Give the entries below again, word for word, and leave out the images.

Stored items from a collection

* * * * *

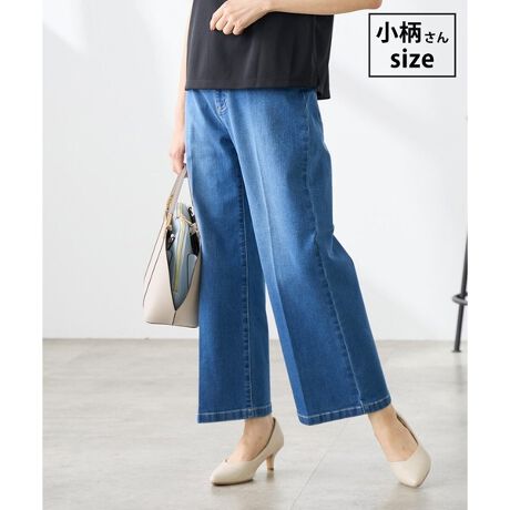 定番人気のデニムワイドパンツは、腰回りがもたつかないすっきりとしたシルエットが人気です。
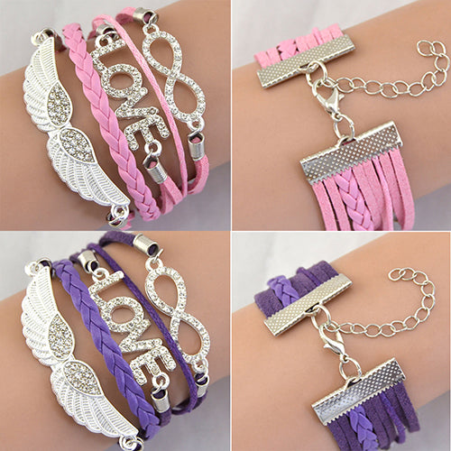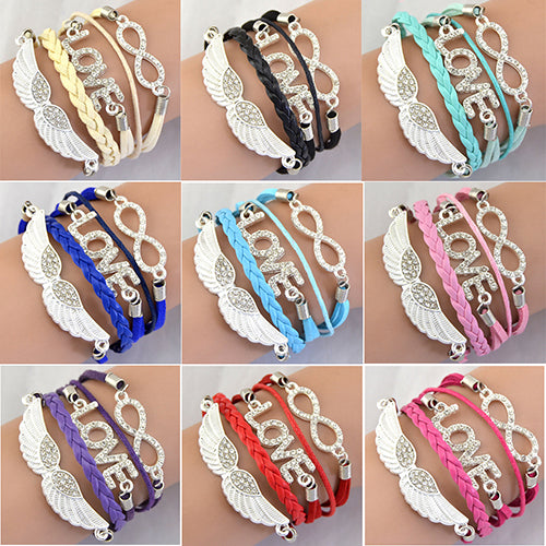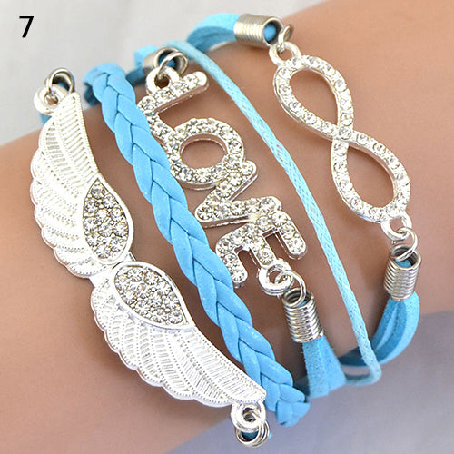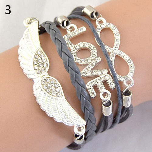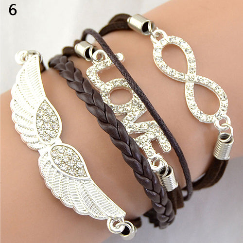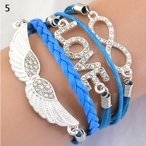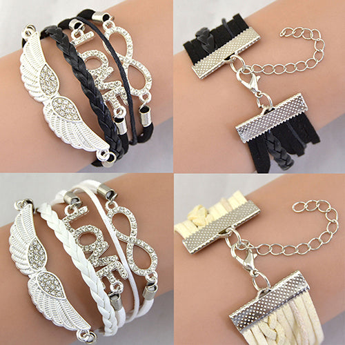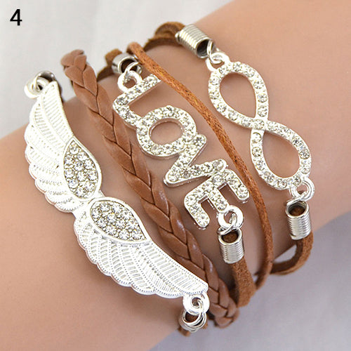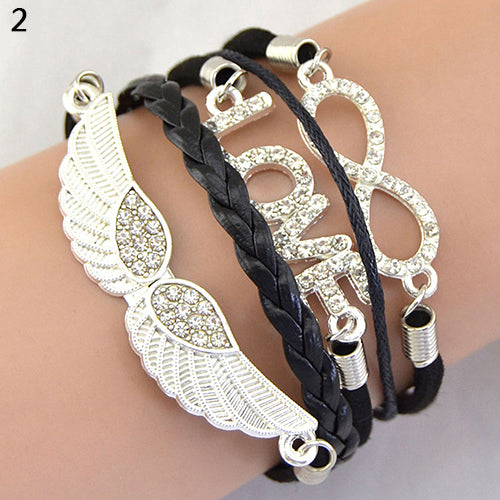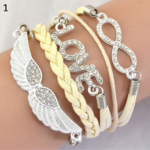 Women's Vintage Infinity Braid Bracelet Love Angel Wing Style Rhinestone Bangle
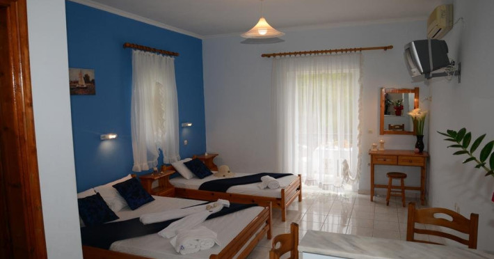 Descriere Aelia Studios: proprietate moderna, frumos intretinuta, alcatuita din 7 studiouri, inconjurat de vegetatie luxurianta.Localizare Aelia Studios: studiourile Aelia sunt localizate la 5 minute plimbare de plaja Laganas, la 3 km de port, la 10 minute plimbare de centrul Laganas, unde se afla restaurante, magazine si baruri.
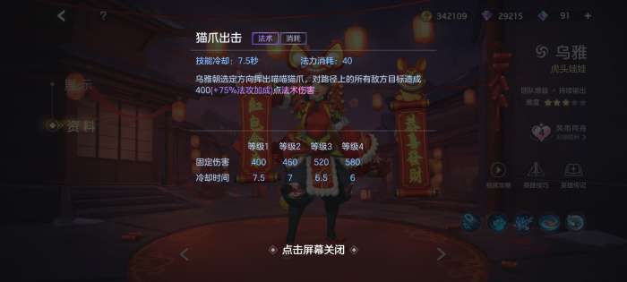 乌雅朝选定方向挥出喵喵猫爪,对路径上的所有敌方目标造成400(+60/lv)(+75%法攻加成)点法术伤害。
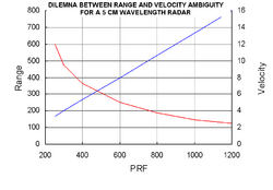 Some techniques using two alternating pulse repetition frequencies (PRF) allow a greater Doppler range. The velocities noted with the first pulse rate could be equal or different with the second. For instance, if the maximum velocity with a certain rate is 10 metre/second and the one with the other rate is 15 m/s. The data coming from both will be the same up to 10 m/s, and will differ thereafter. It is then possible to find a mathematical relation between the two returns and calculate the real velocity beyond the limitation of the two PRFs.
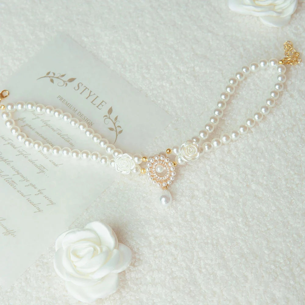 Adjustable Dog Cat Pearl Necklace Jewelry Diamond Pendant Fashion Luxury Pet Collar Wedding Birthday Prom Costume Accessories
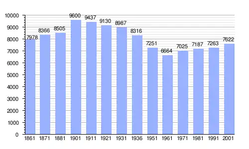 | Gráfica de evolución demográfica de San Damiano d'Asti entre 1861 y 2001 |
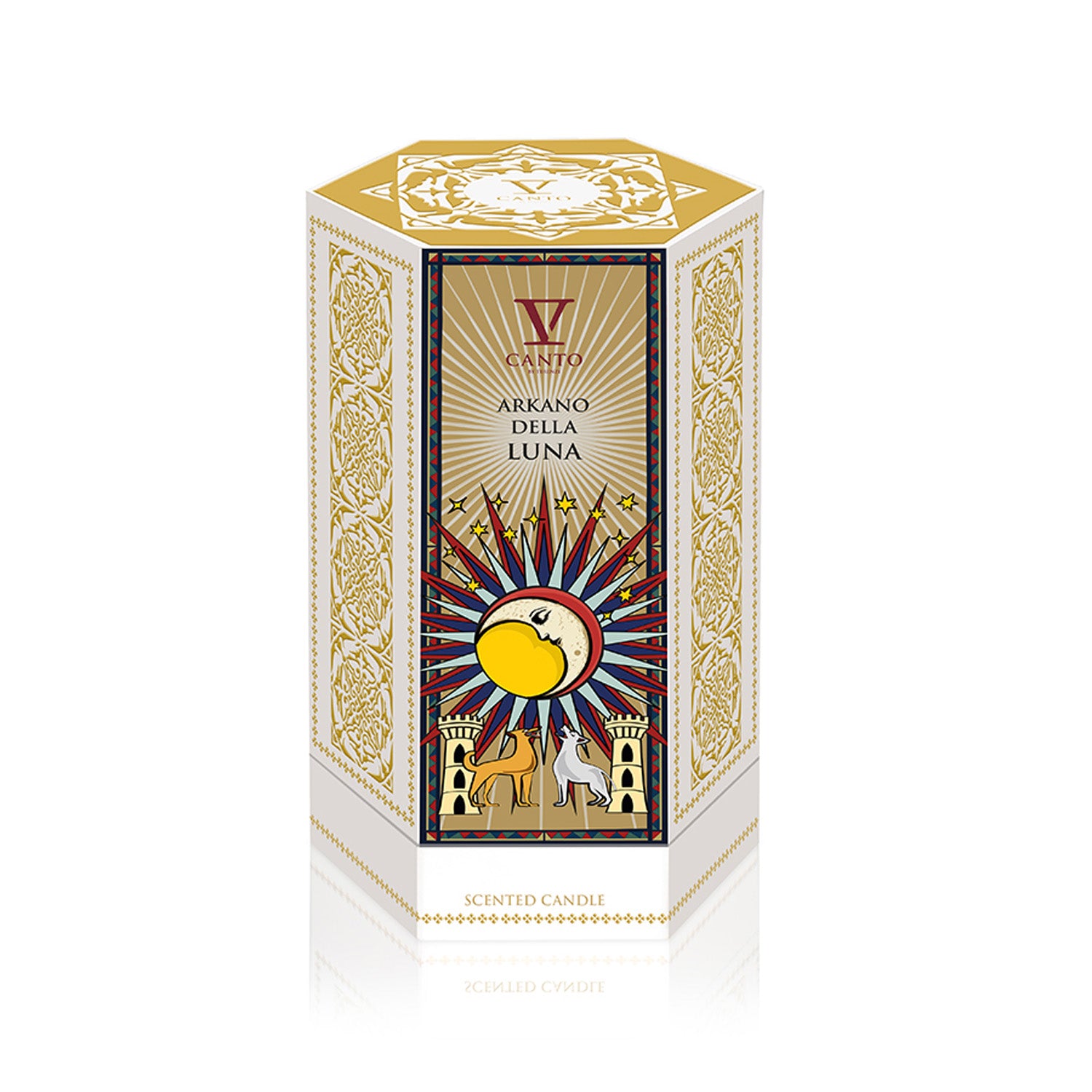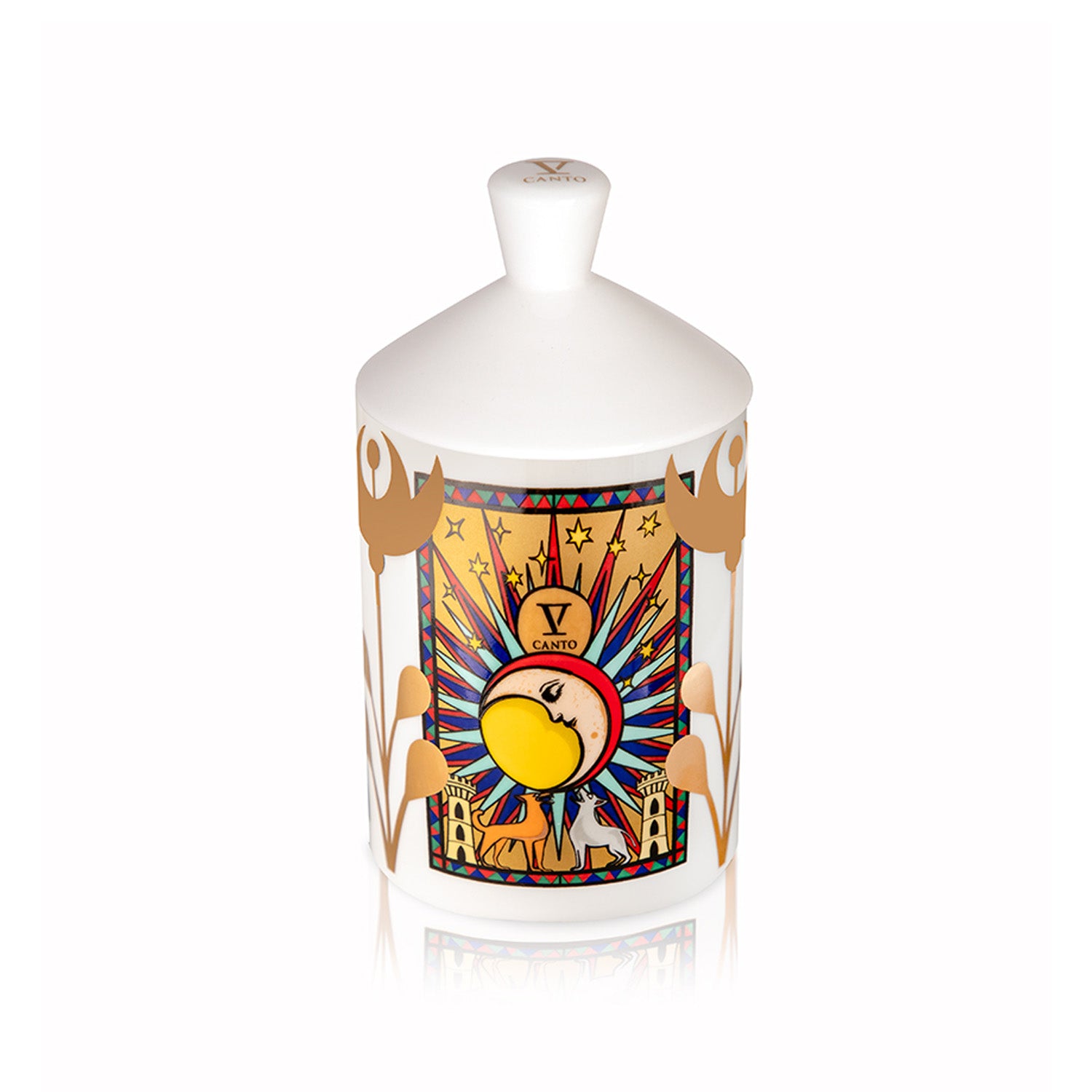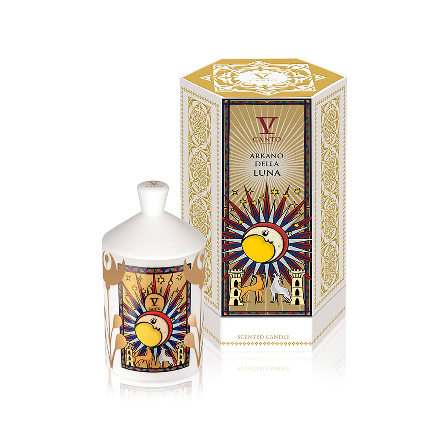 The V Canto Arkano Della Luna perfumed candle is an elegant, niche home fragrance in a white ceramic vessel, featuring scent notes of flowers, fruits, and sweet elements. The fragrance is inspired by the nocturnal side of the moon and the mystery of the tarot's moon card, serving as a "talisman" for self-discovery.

* * * * *

§ **Reply to the exercise**
 定番人気のデニムワイドパンツは、腰回りがもたつかないすっきりとしたシルエットが人気です。
 Women's Vintage Infinity Braid Bracelet Love Angel Wing Style Rhinestone Bangle
 Descriere Aelia Studios: proprietate moderna, frumos intretinuta, alcatuita din 7 studiouri, inconjurat de vegetatie luxurianta.Localizare Aelia Studios: studiourile Aelia sunt localizate la 5 minute plimbare de plaja Laganas, la 3 km de port, la 10 minute plimbare de centrul Laganas, unde se afla restaurante, magazine si baruri.
 乌雅朝选定方向挥出喵喵猫爪,对路径上的所有敌方目标造成400(+60/lv)(+75%法攻加成)点法术伤害。
 Some techniques using two alternating pulse repetition frequencies (PRF) allow a greater Doppler range. The velocities noted with the first pulse rate could be equal or different with the second. For instance, if the maximum velocity with a certain rate is 10 metre/second and the one with the other rate is 15 m/s. The data coming from both will be the same up to 10 m/s, and will differ thereafter. It is then possible to find a mathematical relation between the two returns and calculate the real velocity beyond the limitation of the two PRFs.
 Adjustable Dog Cat Pearl Necklace Jewelry Diamond Pendant Fashion Luxury Pet Collar Wedding Birthday Prom Costume Accessories
 | Gráfica de evolución demográfica de San Damiano d'Asti entre 1861 y 2001 |
 The V Canto Arkano Della Luna perfumed candle is an elegant, niche home fragrance in a white ceramic vessel, featuring scent notes of flowers, fruits, and sweet elements. The fragrance is inspired by the nocturnal side of the moon and the mystery of the tarot's moon card, serving as a "talisman" for self-discovery.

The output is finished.